Schumer lacks specifics of tax plan; Republicans balk
Income rates on the highest earners should snap back to their levels prior to the Bush tax cuts a decade ago, while taxes on investment income should increase, according to a leading Senate Democrat.
Sen. Charles Schumer, D-N.Y., chairman of the Senate Democratic Policy Committee and the third-ranking Democrat in the chamber, said today that an increasingly popular approach to tax reform — broadening the base and lowering rates across the board — is misguided. Instead, revenue from ending special tax breaks for the wealthy should be used to balance the federal budget.
“It would be a huge mistake to take the dollars we gain from closing loopholes and put them into reducing rates for the highest-income brackets, rather than reducing the deficit,” Mr. Schumer said in a speech at the National Press Club in Washington.
In his tax-reform proposal, Mr. Schumer called for the top individual rate to return to 39.6%, a reduction in so-called tax expenditures — special tax preferences, deductions and credits — and an increase in the capital gains rate from the current 15%.
“Today the top 1% on average receives 20% of its income from capital gains — 10 times as much as the rest of the country,” Mr. Schumer said. “Capital gains makes up 60% of the income reported by the Forbes 400.”
But Mr. Schumer stopped short of saying that investment income should be taxed at individual rates.
“Now, if you are returning the top income rate to Clinton-era levels, as I have proposed, I do think it is too much to treat capital gains the same as ordinary income,” Mr. Schumer said. “We don't need a 39.6% rate on capital gains.”
Mr. Schumer did not indicate his preferred capital gains rate.
“It's not my purpose here to put together the specific details of the plan,” Mr. Schumer said. “It's to lay out a path.”
Grand bargain
After the election, lawmakers will convene a lame-duck session of Congress to address the so-called fiscal cliff — the expiration of the Bush tax breaks coupled with steep domestic spending cuts that will go into effect on Jan. 1 unless lawmakers reach an agreement to avert them.
If lawmakers start fiscal-cliff negotiations from the standpoint of reducing income tax rates across the board, they'll either never get around to cutting the deficit or will have to upend tax benefits for those in the middle-income range, Mr. Schumer warned.
“It is an alluring prospect to cut taxes on the wealthiest people, reduce the deficit and hold the middle class harmless, but the math dictates you can't have it all,” Mr. Schumer said.
Democrats are ready to agree to significant cuts in Medicare spending if Republicans would allow tax revenue to be used for deficit reduction, according to Mr. Schumer.
“That is how a grand bargain can be had: Republicans get entitlement reform while Democrats get revenue,” Mr. Schumer said.
Republicans balk
The immediate Republican reaction was negative. Senate Minority Leader Mitch McConnell, R-Ky., said that he and House Speaker John Boehner want to extend all Bush tax cuts for one year.
“Senior Democrats are now openly acknowledging their plan to hold the economy hostage to massive, job-killing tax hikes and espousing the fiscally irresponsible view that says the country should be driven off the fiscal cliff rather than Congress working toward bipartisan solutions to reform and strengthen entitlements without killing jobs,” Mr. McConnell said in a statement.

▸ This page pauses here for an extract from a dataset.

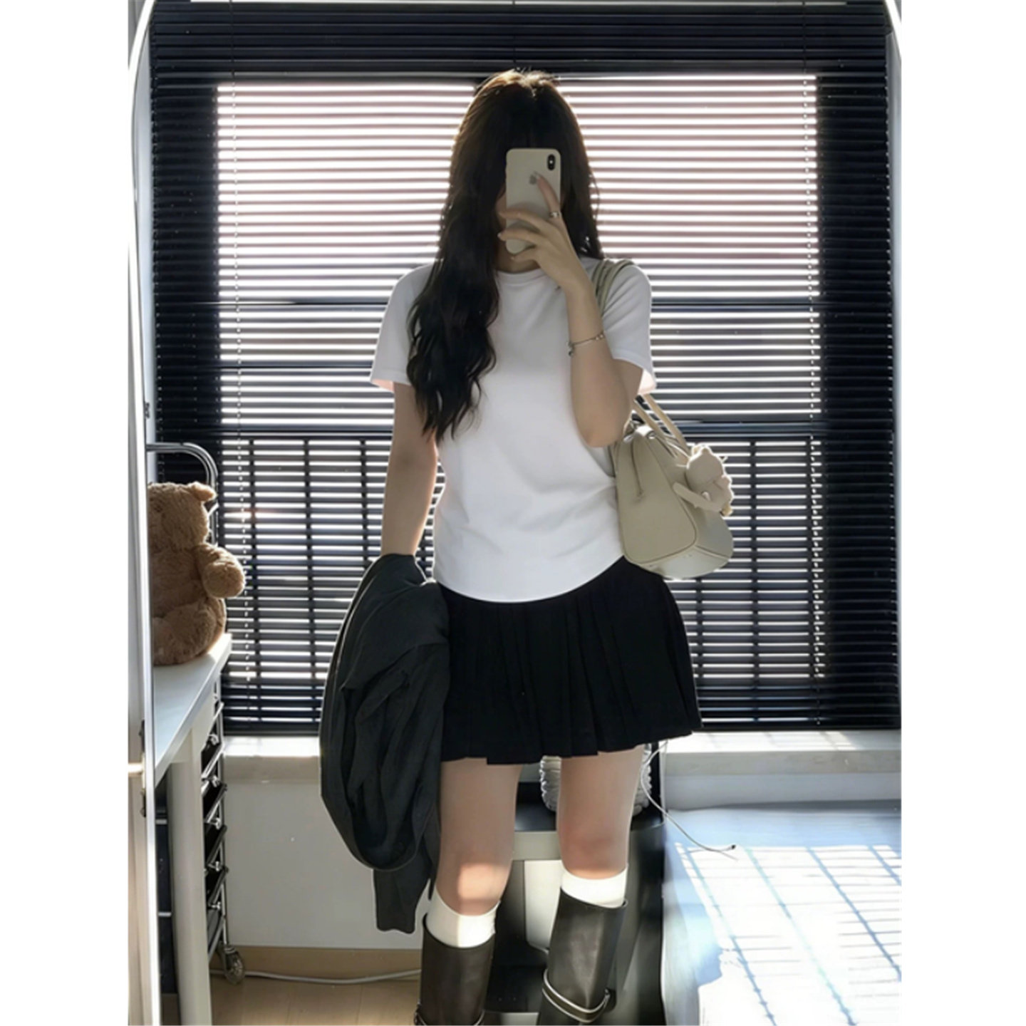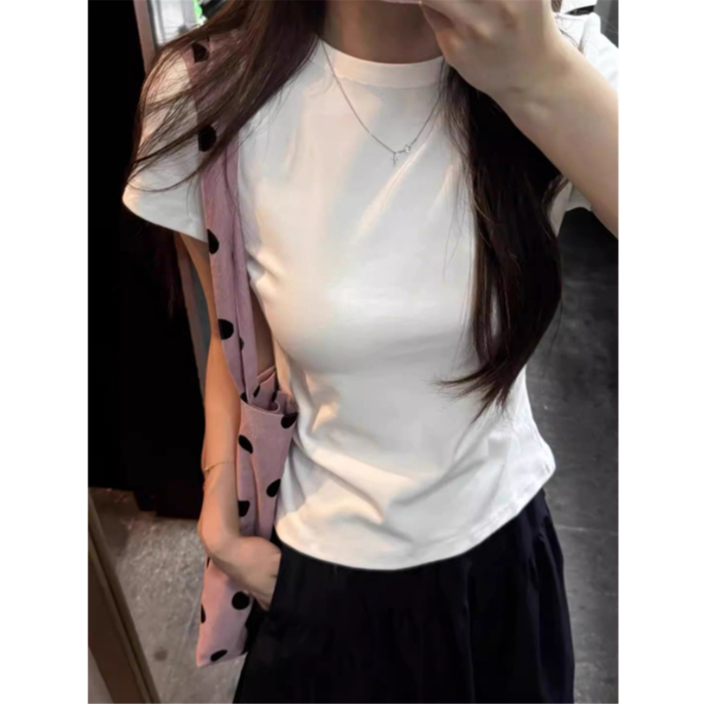 美式纯棉正肩圆领白色短袖T恤女夏季基础款纯色修身短款收腰上衣

A spokeswoman for House Ways and Means Committee Chairman Dave Camp, R-Mich., also threw cold water on Mr. Schumer's proposal.
“The American people know when Washington politicians call for higher taxes it is to fuel more Washington spending (not deficit reduction),” Michelle Dimarob, an aide to Mr. Camp, wrote in an e-mail. “Americans don't want to pay more in taxes to bail out Washington; they want tax reform that bails them out of the [President Barack] Obama economy.”
Mr. Schumer said his path would carve out protections for middle-income taxpayers.
“Tax preferences for things like a college education and retirement savings belong in the tax code even after reform happens,” Mr. Schumer said. “They were put in the code on purpose to make a middle-class lifestyle accessible and sustainable for more American families.”
Mr. Schumer also said that Bush tax cuts for households making less than $250,000 should remain in place.
“People below [$250,000] should not get any tax increase, period,” Mr. Schumer said.